Small, consistent gains

AUC moved from about 0.565 to 0.585 in both settings we tried. Spearman’s ρ rose from about 0.13 to 0.16, a small absolute change that looks larger in relative terms because the base is low.

Held out

The direction was built on one half of the data and measured on the other half, so the gains are not simply fitting the training split.

What it does not do

The overconfidence gap stays large. This shifts the ordering of confidence slightly, it does not turn the number into a probability.

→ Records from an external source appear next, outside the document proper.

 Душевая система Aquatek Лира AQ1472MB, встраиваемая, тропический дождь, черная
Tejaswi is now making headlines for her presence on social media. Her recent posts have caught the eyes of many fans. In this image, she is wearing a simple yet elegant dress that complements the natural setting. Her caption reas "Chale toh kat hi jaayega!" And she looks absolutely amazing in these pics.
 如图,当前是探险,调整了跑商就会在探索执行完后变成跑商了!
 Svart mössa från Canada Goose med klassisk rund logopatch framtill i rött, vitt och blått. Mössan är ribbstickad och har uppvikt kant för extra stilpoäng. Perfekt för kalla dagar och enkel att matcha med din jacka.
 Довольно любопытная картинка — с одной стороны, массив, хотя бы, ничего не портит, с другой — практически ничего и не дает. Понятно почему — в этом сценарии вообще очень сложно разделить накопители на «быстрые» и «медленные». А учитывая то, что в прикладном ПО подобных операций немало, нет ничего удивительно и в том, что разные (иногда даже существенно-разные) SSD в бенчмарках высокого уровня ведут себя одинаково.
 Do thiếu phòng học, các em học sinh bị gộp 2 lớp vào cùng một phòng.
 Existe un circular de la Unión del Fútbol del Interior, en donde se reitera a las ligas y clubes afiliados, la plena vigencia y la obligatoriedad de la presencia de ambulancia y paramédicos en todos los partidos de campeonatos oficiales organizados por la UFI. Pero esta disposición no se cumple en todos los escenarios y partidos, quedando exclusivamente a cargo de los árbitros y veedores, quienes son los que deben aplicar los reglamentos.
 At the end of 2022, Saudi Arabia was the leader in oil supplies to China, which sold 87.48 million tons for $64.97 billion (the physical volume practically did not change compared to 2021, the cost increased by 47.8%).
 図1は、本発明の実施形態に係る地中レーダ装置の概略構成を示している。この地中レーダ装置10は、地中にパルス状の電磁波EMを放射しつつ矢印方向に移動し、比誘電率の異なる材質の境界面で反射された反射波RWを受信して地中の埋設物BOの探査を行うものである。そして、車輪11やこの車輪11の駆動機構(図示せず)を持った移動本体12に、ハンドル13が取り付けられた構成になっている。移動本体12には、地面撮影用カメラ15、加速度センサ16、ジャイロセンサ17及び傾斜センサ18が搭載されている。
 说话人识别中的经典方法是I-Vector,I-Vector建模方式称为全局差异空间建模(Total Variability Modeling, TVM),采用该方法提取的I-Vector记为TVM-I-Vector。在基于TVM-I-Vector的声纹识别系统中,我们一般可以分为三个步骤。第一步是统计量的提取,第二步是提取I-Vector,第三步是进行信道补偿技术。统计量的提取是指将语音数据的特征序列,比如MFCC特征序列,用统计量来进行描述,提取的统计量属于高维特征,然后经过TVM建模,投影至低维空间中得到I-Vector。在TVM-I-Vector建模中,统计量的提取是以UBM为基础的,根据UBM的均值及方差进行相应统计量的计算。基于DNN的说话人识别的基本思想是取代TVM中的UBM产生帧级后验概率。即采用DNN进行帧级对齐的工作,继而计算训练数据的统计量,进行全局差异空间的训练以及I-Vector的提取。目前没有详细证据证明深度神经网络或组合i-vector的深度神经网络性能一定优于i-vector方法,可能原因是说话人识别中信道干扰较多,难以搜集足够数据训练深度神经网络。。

A cautious reading is that some calibration-relevant signal sits in the representations and can be partly surfaced without retraining, as a complement to prompt-based strategies rather than a replacement.

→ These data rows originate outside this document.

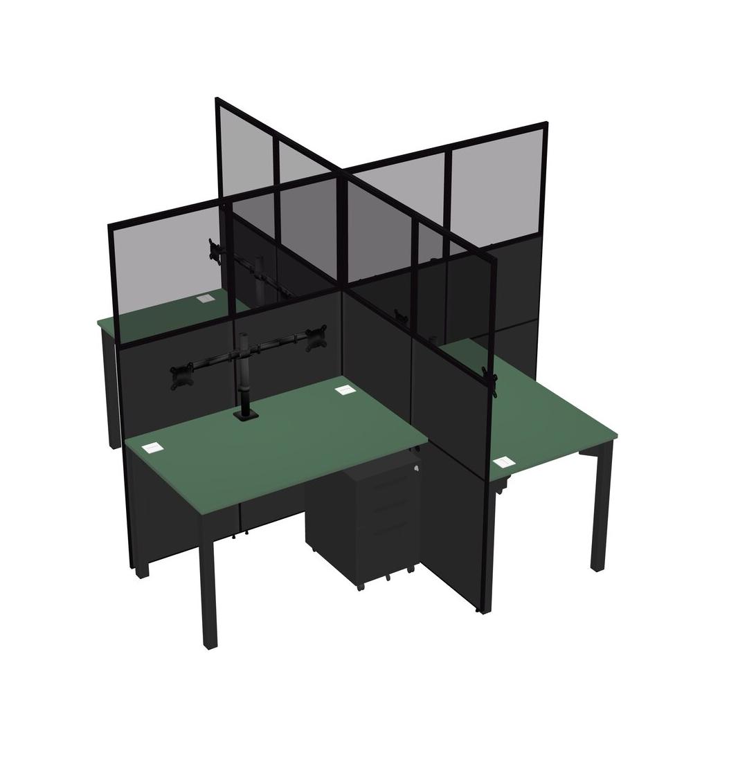Green Quad Cubicle Workstations For 4 + Black Metal Mobile Drawers + Monitor Arm (double Arms)
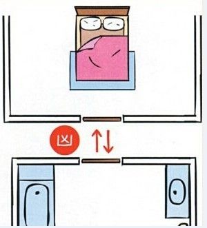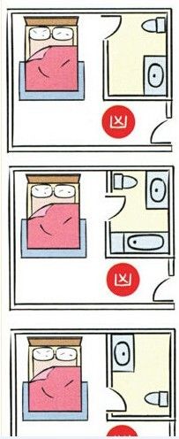 房間裡的廁所對到床,情況比房門對到廁所嚴重,對到頭,會頭痛、思考時不能集中,住久了會產生腫瘤、中風等;對到腰,會腰酸、心髒無力、水腫,住久了會產生糖尿病、心髒病;對到腳,會坐骨酸痛、膝蓋無力、痛風水腫,住久了會產生意外骨折。
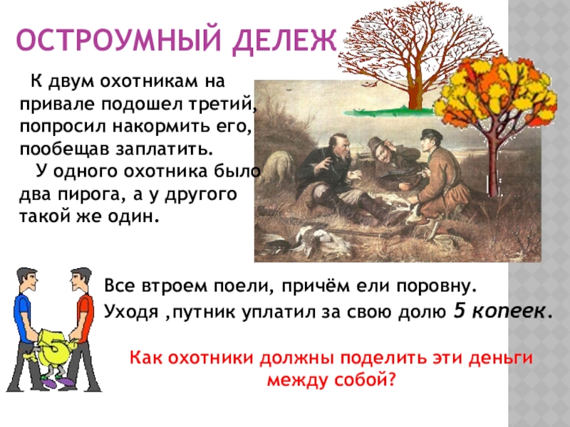 Как охотники должны поделить эти деньги
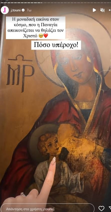 «Αυτή εδώ είναι η μοναδική εικόνα της Παναγίας στον κόσμο, στην οποία κάνει breastfeeding. Ταΐζει το μωράκι της από το στήθος. Θηλάζει και η Παναγία… σοκ» είπε συγκινημένη η Ιωάννα Τούνη.
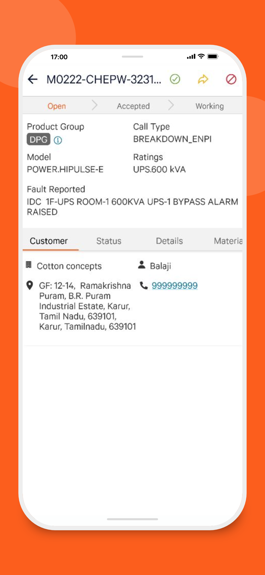 The customer Engineer instantly gets customer call logged ticket details assigned from the Call Center in the App.
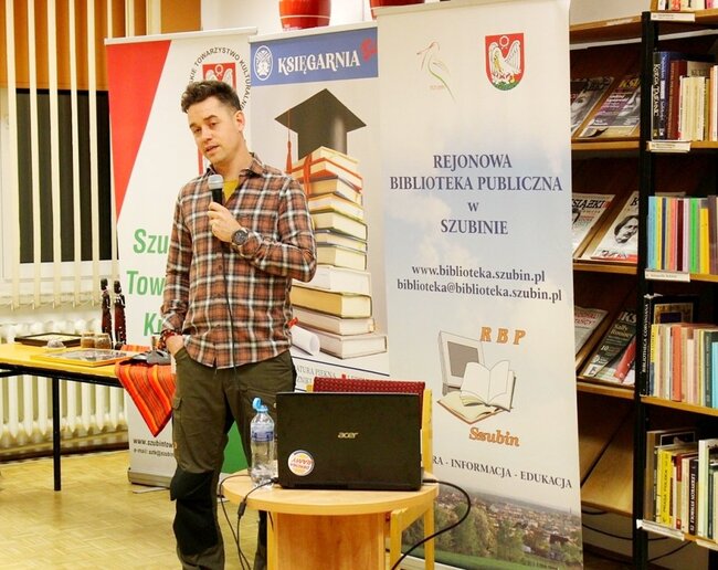 Spotkanie w styczniowy wieczór, było bogate w zdjęcia i krótkie filmiki.  Nie musimy chyba dodawać , że czytelnia szubińskiej biblioteki była pełna po brzegi a pytania do autora spotkania nie miały końca. Dziękujemy Szymonie!
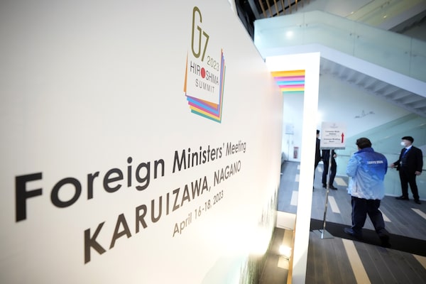 The sign of the G7 Foreign Ministers’ Meeting is seen at the media center prior to the meetings April 15, 2023, in Karuizawa, a resort town, north of Tokyo.Eugene Hoshiko/The Associated Press
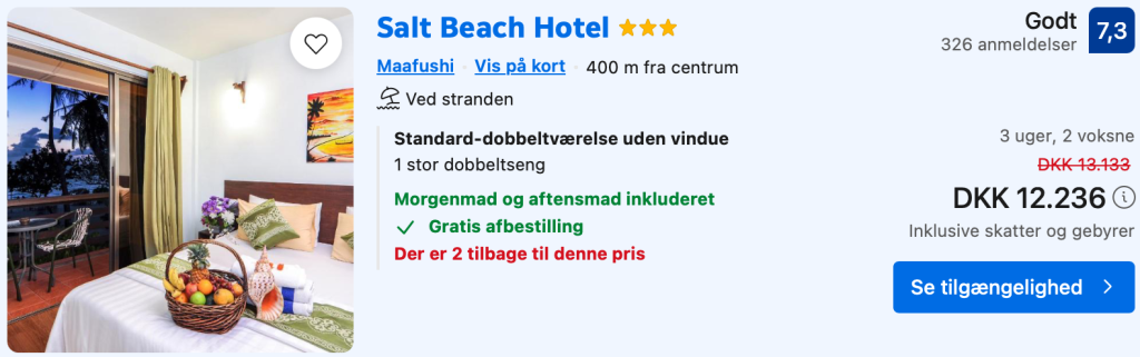 Trivago oplyser den forkerte pris. Den korrekte pris er 12.236,- for 21 nætter inkl. halvpension for 2 personer.

Scope. The gains are modest and evaluated within a single dataset. We have not yet confirmed them across other datasets or larger models.

What This Means for Your Workflow

Triage depends on AUC, not accuracy

Around AUC 0.68, directing review toward low-confidence items can help. Near 0.56 it offers little, so check the discrimination on your own data before relying on it.

Rankings, not probabilities

With ECE above 0.40, a reported 0.9 is not a 90% chance of being right. Confidence is safer for ordering items than for setting acceptance thresholds.

Be careful demonstrating confidence

A shown value tended to either collapse the distribution or be ignored, so fixing explicit confidences in few-shot examples can quietly affect calibration.

One option for open weights

For FERPA-bound local deployments, activation steering is one approach that gave small gains here. Our implementation is open if you would like to try it.

Steering code on GitHub Read the paper

Conference Talk

The talk follows the same arc as the paper. It opens with the trust problem, walks through three studies that build on one another, and closes with what this changes for anyone using LLMs to code educational data.

AIED 2026 talk

Open the slides to walk through the setup, the three studies, and the practical implications.

Open slides Toolkit on GitHub

Limitations & Next Steps

We want to be clear about scope. This is a single dataset of introductory CS prompts with one nine-category scheme, so the specific numbers may not transfer to other domains or granularities. Studies 2 and 3 use one open-weight model, and larger models may shift where the plausibility range sits. The steering gains are modest and evaluated within one dataset, so we present them as a promising direction rather than a settled result. We also used single-turn, zero-shot prompting.

The natural next steps are per-category calibration, larger models, richer elicitation such as multi-turn or chain-of-thought, and replication across datasets. Per-category metrics interest us most, since they would tell researchers which codes are reasonable to automate and which still need a person.